**EXERCISE OBJECTIVE:**
In the entries below, find each line with the word "Finland" and return it.

**INFORMATION PROVIDED:**
BEGIN
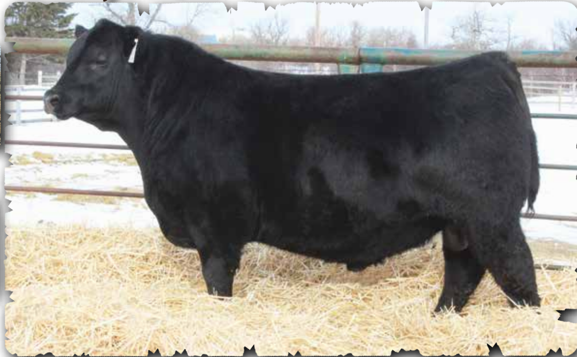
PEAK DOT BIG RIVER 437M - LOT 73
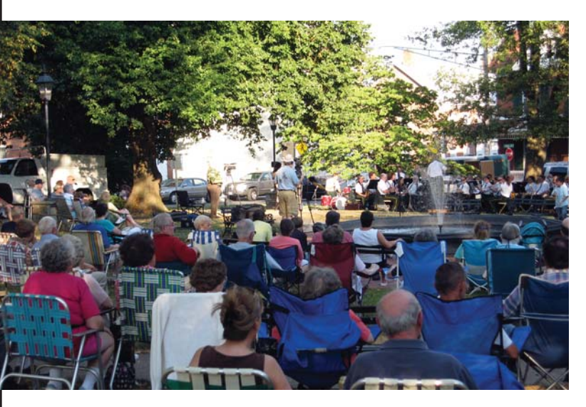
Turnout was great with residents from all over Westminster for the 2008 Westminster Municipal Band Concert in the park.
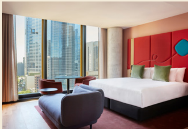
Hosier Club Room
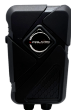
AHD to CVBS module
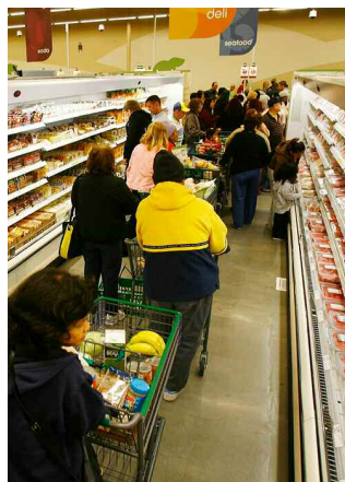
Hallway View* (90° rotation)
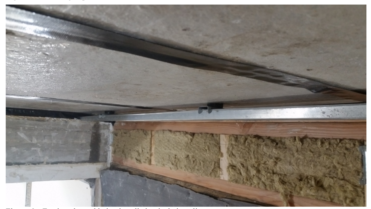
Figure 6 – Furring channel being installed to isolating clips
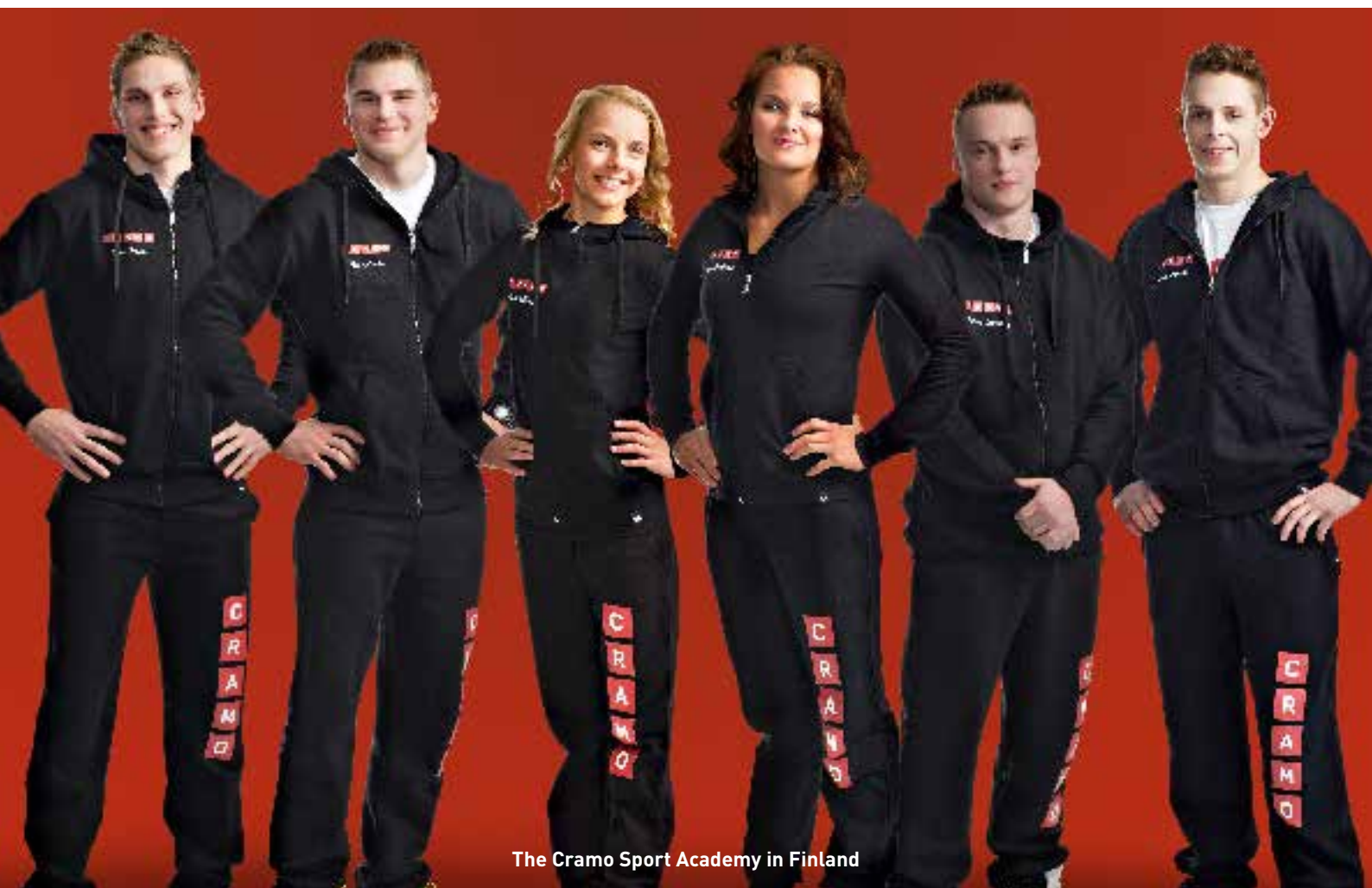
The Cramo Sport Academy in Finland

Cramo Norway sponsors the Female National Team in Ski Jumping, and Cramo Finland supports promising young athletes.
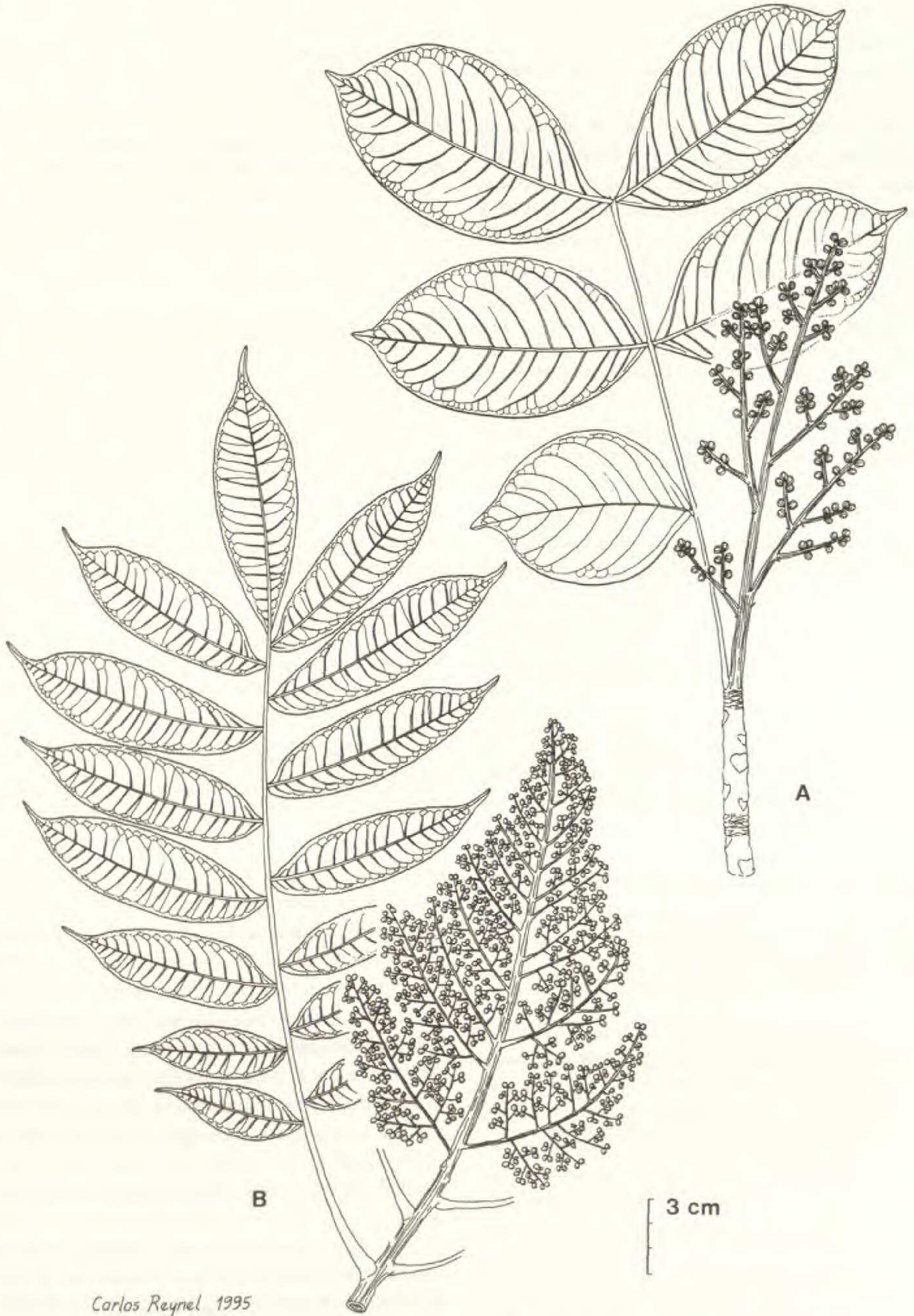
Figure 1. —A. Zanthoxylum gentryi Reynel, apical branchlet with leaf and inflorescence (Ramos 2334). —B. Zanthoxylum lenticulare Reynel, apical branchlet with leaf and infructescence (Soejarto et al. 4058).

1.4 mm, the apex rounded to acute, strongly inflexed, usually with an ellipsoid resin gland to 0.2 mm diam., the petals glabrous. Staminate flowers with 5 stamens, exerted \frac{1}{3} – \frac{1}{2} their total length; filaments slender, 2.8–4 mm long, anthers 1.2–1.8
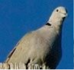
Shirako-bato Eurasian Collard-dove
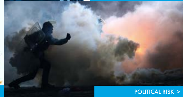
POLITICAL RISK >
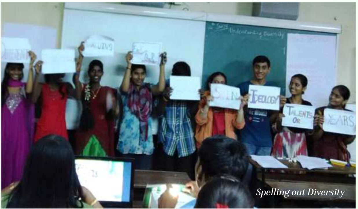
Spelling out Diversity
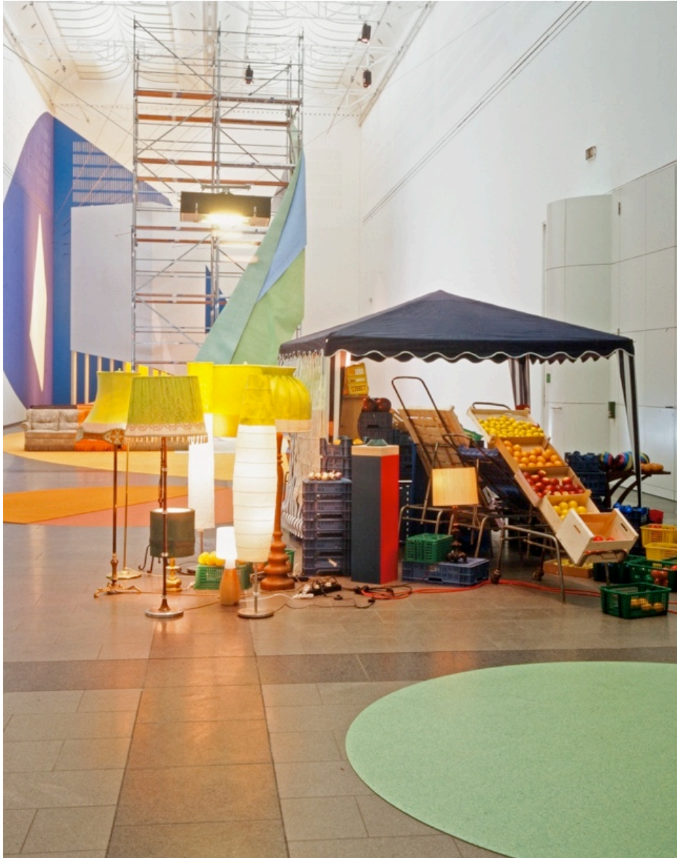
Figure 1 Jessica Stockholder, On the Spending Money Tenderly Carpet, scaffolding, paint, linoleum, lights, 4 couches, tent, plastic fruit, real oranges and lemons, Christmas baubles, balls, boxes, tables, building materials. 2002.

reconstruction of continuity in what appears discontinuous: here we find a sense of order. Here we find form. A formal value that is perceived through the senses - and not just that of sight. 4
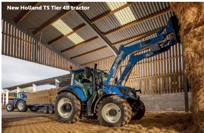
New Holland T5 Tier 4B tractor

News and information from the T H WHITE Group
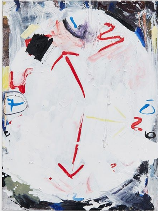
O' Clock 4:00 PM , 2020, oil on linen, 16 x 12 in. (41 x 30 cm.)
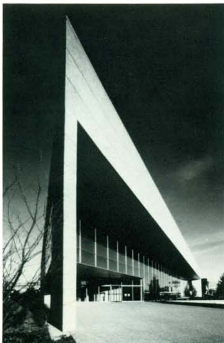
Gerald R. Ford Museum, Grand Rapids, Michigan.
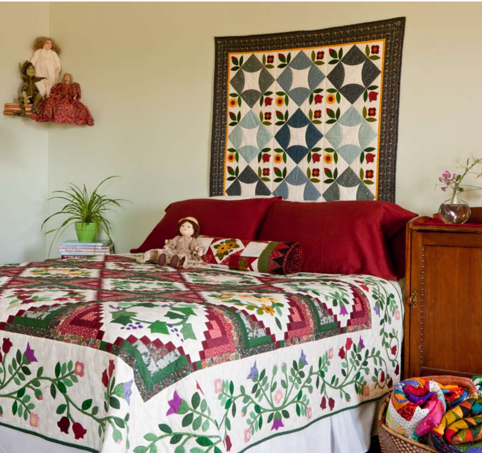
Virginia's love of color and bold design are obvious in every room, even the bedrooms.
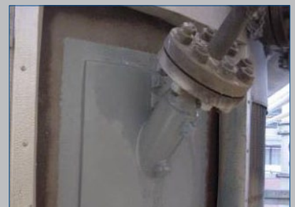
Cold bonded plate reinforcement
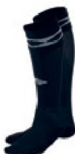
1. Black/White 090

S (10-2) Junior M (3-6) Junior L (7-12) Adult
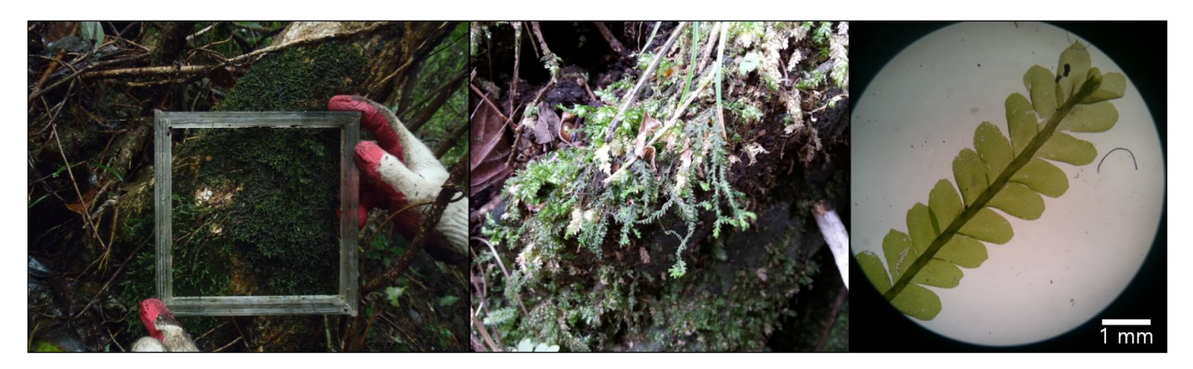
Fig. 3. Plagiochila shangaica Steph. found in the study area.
END
**ANSWER TO THE PROBLEM:**
The Cramo Sport Academy in Finland
Cramo Norway sponsors the Female National Team in Ski Jumping, and Cramo Finland supports promising young athletes.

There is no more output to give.